_Supplied data_
== Segment start ==
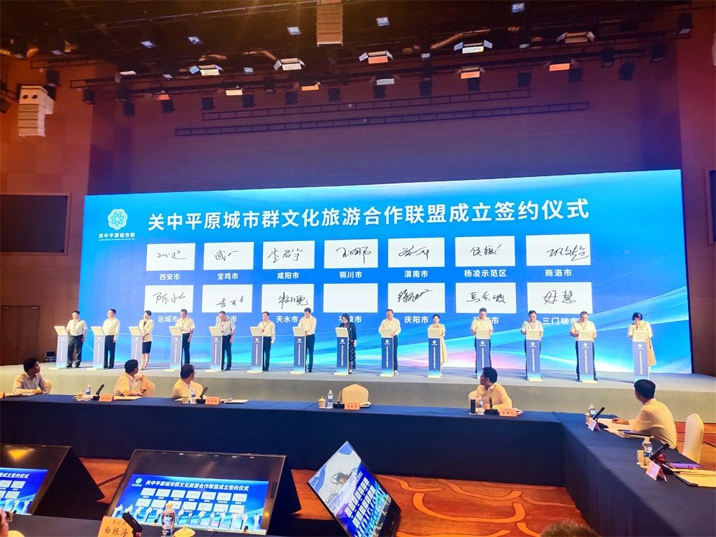 8月18日,关中平原城市群市长联席会议在西安市浐灞锦江国际酒店举办。会上,市长王国先代表天水发表了重要讲话。市文化和旅游局局长牛新虎与关中平原各城市文旅部门负责人共同签署了关中平原城市群文化旅游合作联盟框架协议,标志着关中平原城市群文化旅游合作联盟正式成立。此次联盟成立和会议的召开将进一步深化关中平原城市群城市文化旅游合作,共同推动文化传承创新,共同塑造关中文化旅游品牌形象,全面提升关中平原城市群整体竞争力、影响力、吸引力。会议现场,市文旅局向关中平原各城市政府领导、文旅企事业单位等与会嘉宾发放“千山万水 就爱天水”旅游线路宣传册页500余份,并通过展板推介充分展示天水独特的旅游资源、历史文化、农特产品。
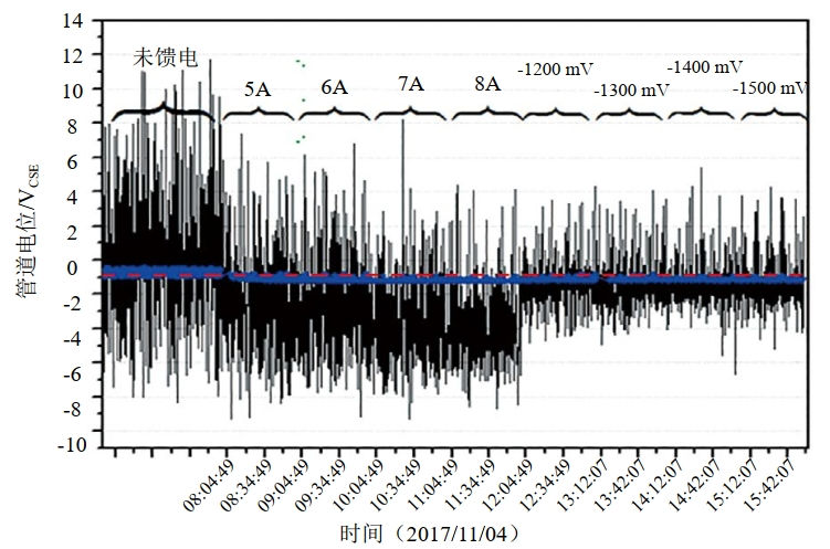 對地鐵等動(dòng)態(tài)直流干擾采用強制電流陰極保護和極性排流聯(lián)合防護方式,有效減少雜散電流流入,全線(xiàn)電位水平均得到改善。陰保系統在恒位、恒流工作模式下,通電電位波動(dòng)幅值減小,斷電電位明顯負向偏移,陰極保護有效(圖 6)。
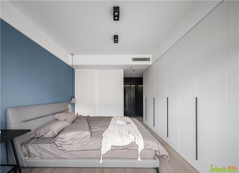 ▲整面收納空間集中在此,外觀仍以白色表述。通過外層的半透窗簾追溯光的源頭,再行至床頭處,梳妝臺(tái)和床枕在靜水流深的一面藍(lán)色中,柔光浮動(dòng),空間帶著淡意的暖色。
== Segment end ==
_Exercise description_
Write out all of the data above exactly, pictures excluded.

_Output of the exercise_
 8月18日,关中平原城市群市长联席会议在西安市浐灞锦江国际酒店举办。会上,市长王国先代表天水发表了重要讲话。市文化和旅游局局长牛新虎与关中平原各城市文旅部门负责人共同签署了关中平原城市群文化旅游合作联盟框架协议,标志着关中平原城市群文化旅游合作联盟正式成立。此次联盟成立和会议的召开将进一步深化关中平原城市群城市文化旅游合作,共同推动文化传承创新,共同塑造关中文化旅游品牌形象,全面提升关中平原城市群整体竞争力、影响力、吸引力。会议现场,市文旅局向关中平原各城市政府领导、文旅企事业单位等与会嘉宾发放“千山万水 就爱天水”旅游线路宣传册页500余份,并通过展板推介充分展示天水独特的旅游资源、历史文化、农特产品。
 對地鐵等動(dòng)態(tài)直流干擾采用強制電流陰極保護和極性排流聯(lián)合防護方式,有效減少雜散電流流入,全線(xiàn)電位水平均得到改善。陰保系統在恒位、恒流工作模式下,通電電位波動(dòng)幅值減小,斷電電位明顯負向偏移,陰極保護有效(圖 6)。
 ▲整面收納空間集中在此,外觀仍以白色表述。通過外層的半透窗簾追溯光的源頭,再行至床頭處,梳妝臺(tái)和床枕在靜水流深的一面藍(lán)色中,柔光浮動(dòng),空間帶著淡意的暖色。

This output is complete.